False dying lawsuit filed after lady died ready for dispatchers to ship assist

After waiting more than 10 minutes for the dispatchers to send help, a mother of two children passed away. Now her family is filing an unlawful death lawsuit against the city and others.

An unlawful death lawsuit was recently brought before the Jackson County Circuit Court by the family of a woman who died while waiting for emergency services to send help. According to the suit, the woman’s son called 911 after she collapsed. The boy’s father, Frank McClelland, filed the lawsuit against the City of Kansas City, the Kansas City Police Department, the Kansas City Board of Police Commissioners, the Kansas City Fire Department, and several individuals alleged to be all at fault the death.

Emergency department; Image courtesy of paulbr75 via Pixabay, www.pixabay.com

At the time of the incident, McClelland was in Iowa working on a construction job. It was July 18, 2019, and his wife, Cathryn McClelland, 41, was at home with their son. According to the suit, she said, “She didn’t feel well and passed out in the family living room.” The boy, who was only 8 years old at the time, called 911. His call was “taken to the Kansas City Police Department and notified a dispatcher that his mother was on the ground.” The lawsuit states: “Within 71 seconds of the start of the call, the boy went outside to check the house number and gave the dispatcher the full address.”
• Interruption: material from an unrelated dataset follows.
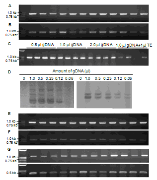 A, B: PCR using 1.0 µL rice gDNA prepared from 2–3 mg and 10 mg of seedling leaf tissue in 150 µL preparation buffer, respectively. C: Using different volumes of rice gDNA prepared from 3 mg seedling leaf tissue in 150 µL preparation buffer as PCR template. D: Use of decreased amounts of gDNA (from 2–3 mg seedling leaf in 150 µL preparation buffer) for performing PCR with InDel markers. E, F: PCR using 1.0 µL rice gDNA prepared from 2–3 mg and 10 mg of dried leaf tissue in 150 µL preparation buffer, respectively. G: PCR using 1.0 µL Arabidopsis thaliana gDNA prepared from 2–3 mg fresh leaf tissue in 150 µL preparation buffer. A–C, E–G were conducted in 20 µL PCRs containing 0.8 U Taq, with thermal conditions of 95℃ 2 min, 33 cycles of 94℃ 30 s, 56℃ 30 s, 72℃ 1.5 min. PCR setting and thermal conditions in D were the same as those in Fig. 3.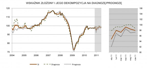 Składniki diagnostyczne wskaźnika kształtują się na poziomie niższym niż w maju, choć nadal wyższym niż składniki prognostyczne, pozostające na poziomie sprzed miesiąca.

However, instead of calling an ambulance, the police superintendent contacted the Kansas City Fire Department shipping line. “The police dispatcher informed the fire department dispatcher that the geographic information system did not match the boy’s address,” the lawsuit said. A handful of precious minutes passed as they paced back and forth, “trying to figure out the discrepancy.” During that time, the boy re-gave the dispatcher the house number and Mr. McClelland was contacted and confirmed the address.

About 10 minutes later, dispatchers contacted the Prairie Village Police Department and officers arrived three minutes later and began CPR. Six minutes later, an ambulance and rescue workers arrived and were able to get a pulse. From there, Ms. McClelland was taken to the local hospital, “where the doctors found that she was in cardiac arrest”. After a brain scan, it was found that she had no brain activity. The mother of two was pronounced dead on July 22, 2019.

The suit stated that the young man “was brave and heroic throughout the process of trying to get help for his mother”.

Attorney Brian McAllister represents the family and said the loss was “unbearable” for them. He said:

“For the family, I would hope that a jury would listen and act 100% fairly and that the system we have can be changed dramatically so that no one else ever has to go through this.”

He added that in the family’s lawsuit, “the defendants acted negligently or willfully or willfully”.